Questo garantirebbe più sicurezza per il gruppo e più professionalità per l'accompagnatore interessato a specializzarsi. Attualmente il campo di attività AG è così vasto che pochi riescono ad essere aggiornati in tutte le specializzazioni richieste. Se perdiamo queste figure alpinistiche impoveriamo il gruppo accompagnatori. Naturalmente se fosse inserito questo nuovo metodo di considerare l’organico i limiti imposti nel documento del comitato di indirizzo e controllo dovrebbero essere riscritti in una forma che tenga conto della presenza di queste figure.
- Con il testo attuale anche un scialpinista esperto si è trovato in difficoltà per scovare un percorso invernale che rispetti i limiti e che allo stesso tempo mantenga un aspetto DI AVVENTURA PER I RAGAZZI; un obiettivo che dia soddisfazione esserci arrivati.
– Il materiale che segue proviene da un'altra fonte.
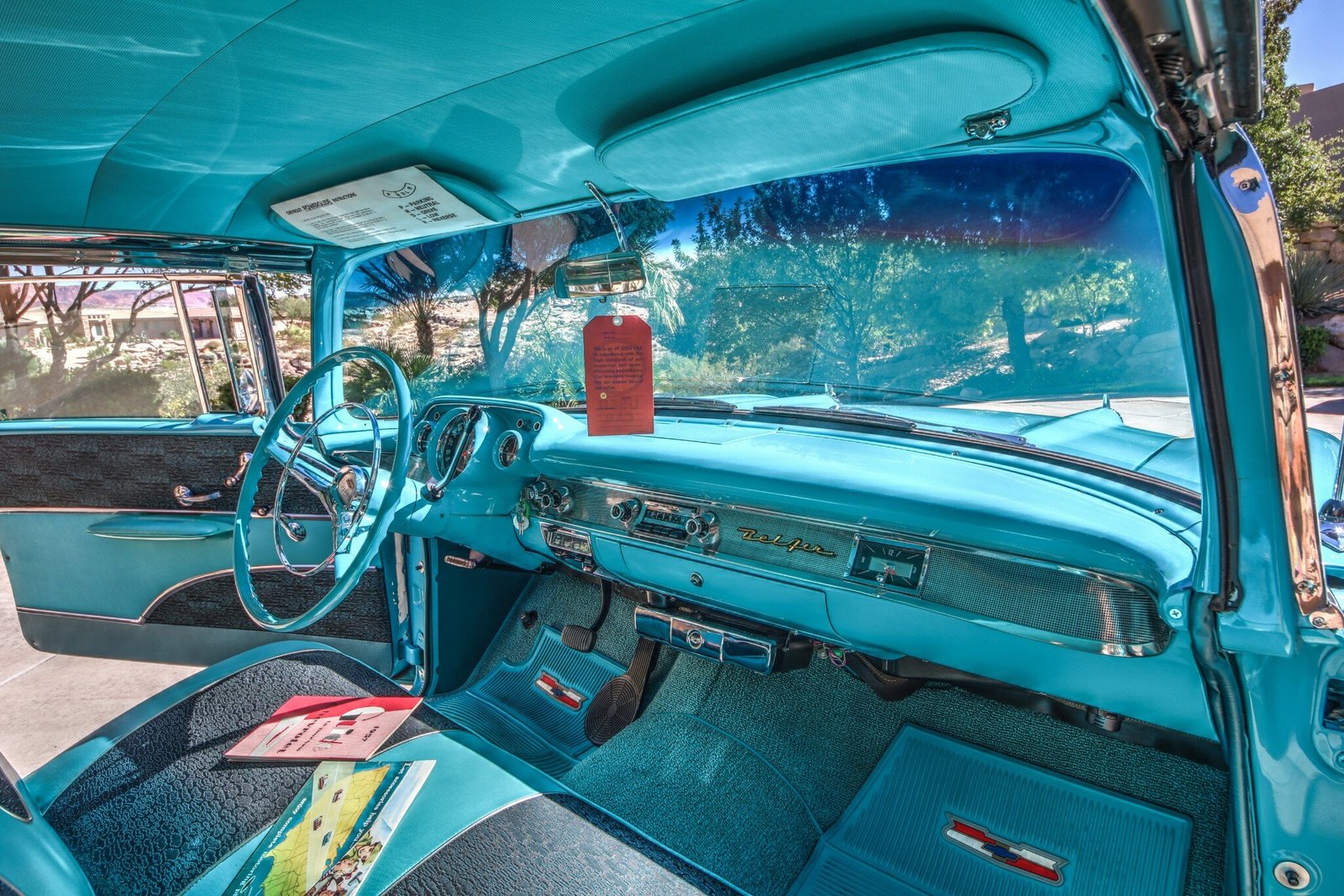 Power is from a rebuilt 283ci V8 equipped with Power Pack cylinder heads and paired with a Powerglide automatic transmission.
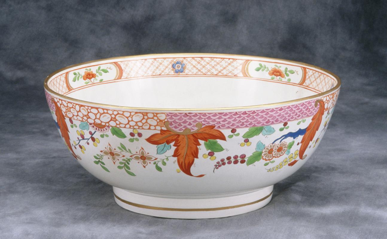 Pearlware bowl, circular, on foot ring. No ground colour; blue-tinged pearlware glaze. Centre painted in polychrome enamels with a least spotted woodpecker - black, red, yellow and white plumage - perched on a branch. Gilded band to rim.
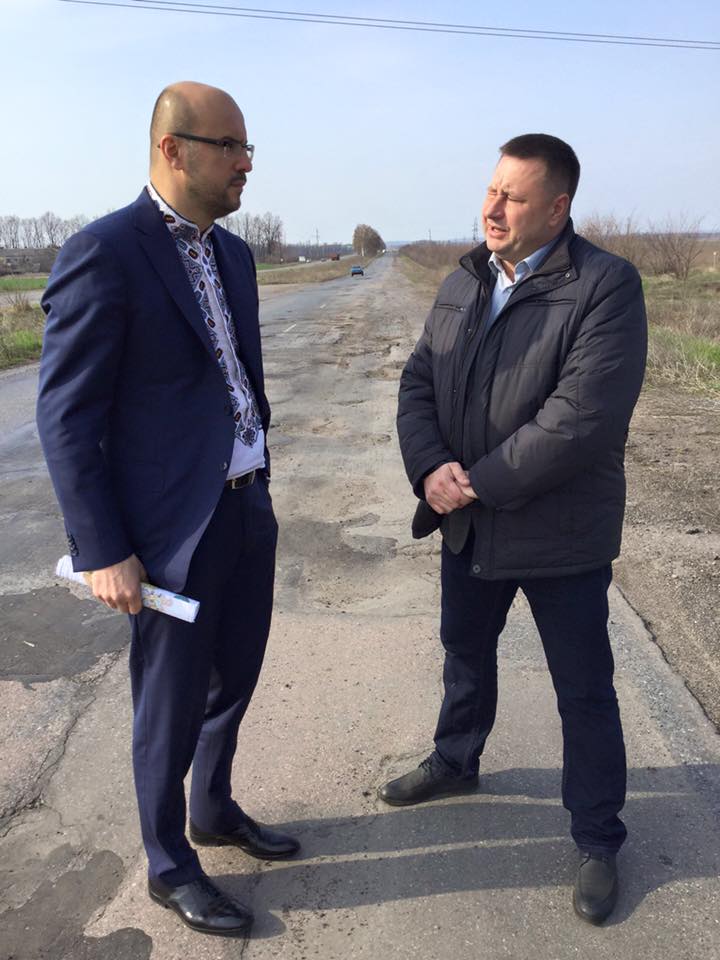 Фотографувався на фоні розбитих доріг він разом з керівником Служби автомобільних доріг в Черкаській області Юрієм Настенком.
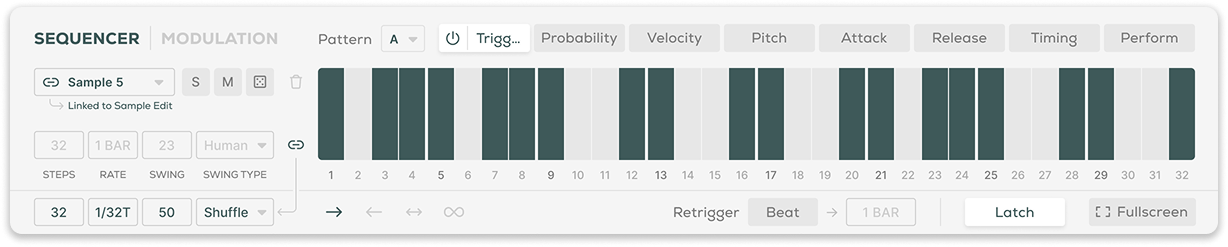 Global / Track Step Rate, Sync, Swing, Steps, Latch, Beat Retrigger controls
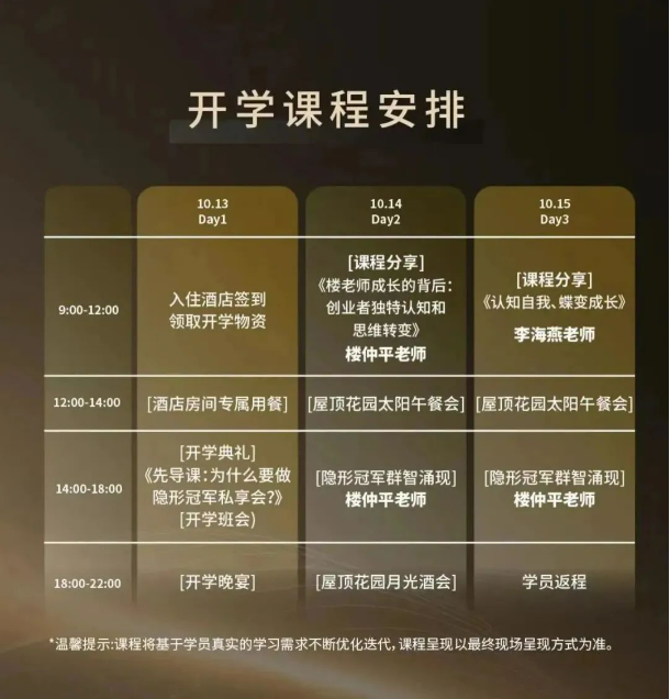 樓仲平·隱形冠軍私享會(huì )第一模塊課程時(shí)間為三天兩夜,樓仲平老師將分享其成長(cháng)背后的底層邏輯《創(chuàng )業(yè)者獨特認知和思維轉變》,李海燕老師則帶來(lái)《認知自我、蝶變成長(cháng)》課程分享。
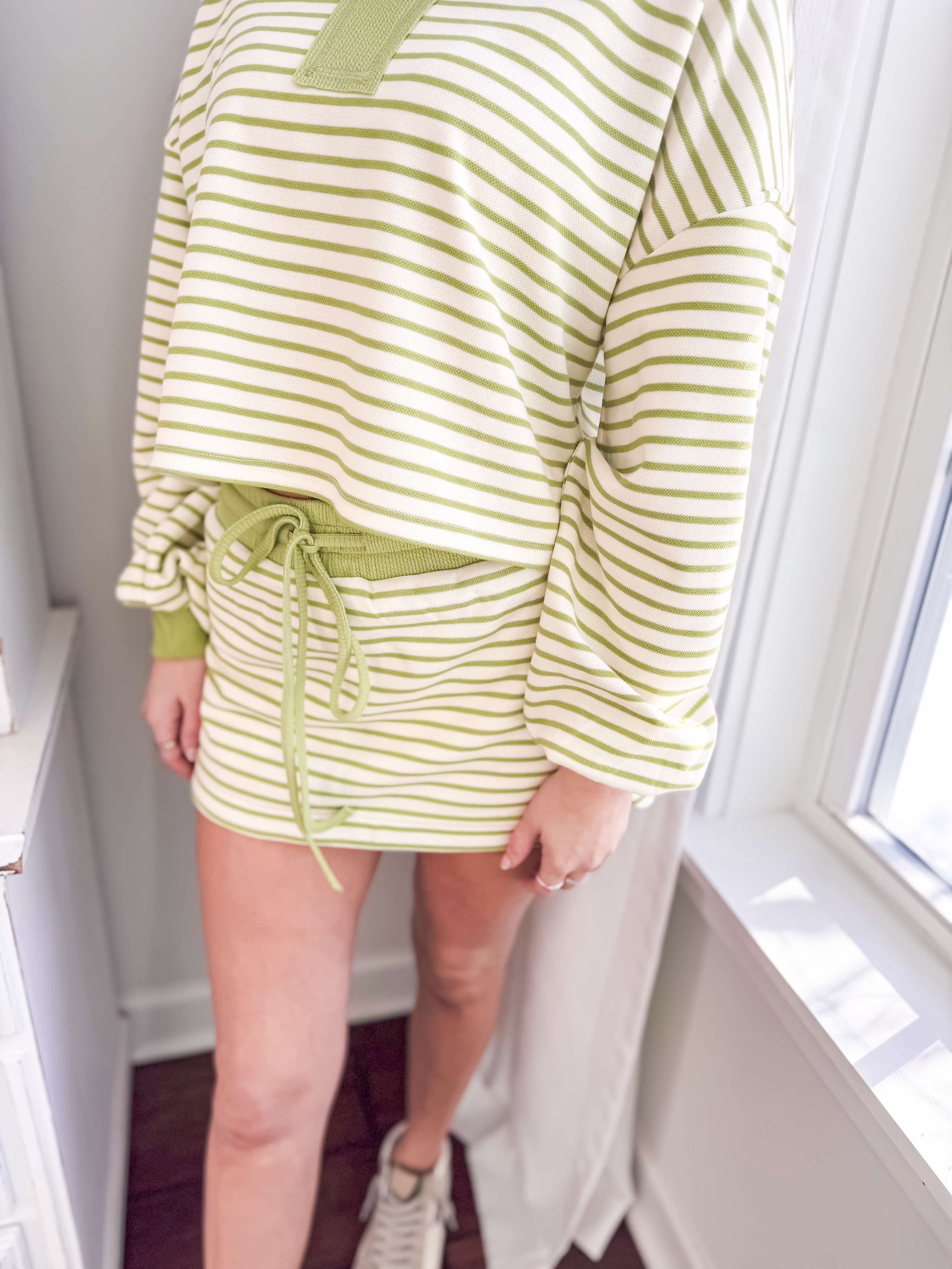 BOTTOM - Product Detail: This knit mini skirt features horizontal stripes in contrasting colors, a comfortable elastic waistband with an adjustable drawstring tie, side slits for added mobility, a relaxed fit, and a soft short lining for extra coverage and comfort.

Queste attività aiutano i ragazzi a tirare fuori il meglio di se stessi, a scoprire i loro talenti o valori, a vincere le proprie paure, sono esperienze che legano il gruppo e i meno forti si sentono supportati dai più forti. Queste dinamiche scaturiscono con la presenza di difficoltà.
La montagna invernale ha delle variabili così importanti che non possono essere inserite in un regolamento rigido. A chi frequenta la montagna invernale sembra sconsiderato vietare di usare ramponi-corda-piccozza senza la presenza di un istruttore, in quando, potrebbero garantire una sicurezza maggiore anche in una escursione non considerata difficile. Questi attrezzi danno una garanzia irrinunciabile e una sicurezza anche solo averli al seguito.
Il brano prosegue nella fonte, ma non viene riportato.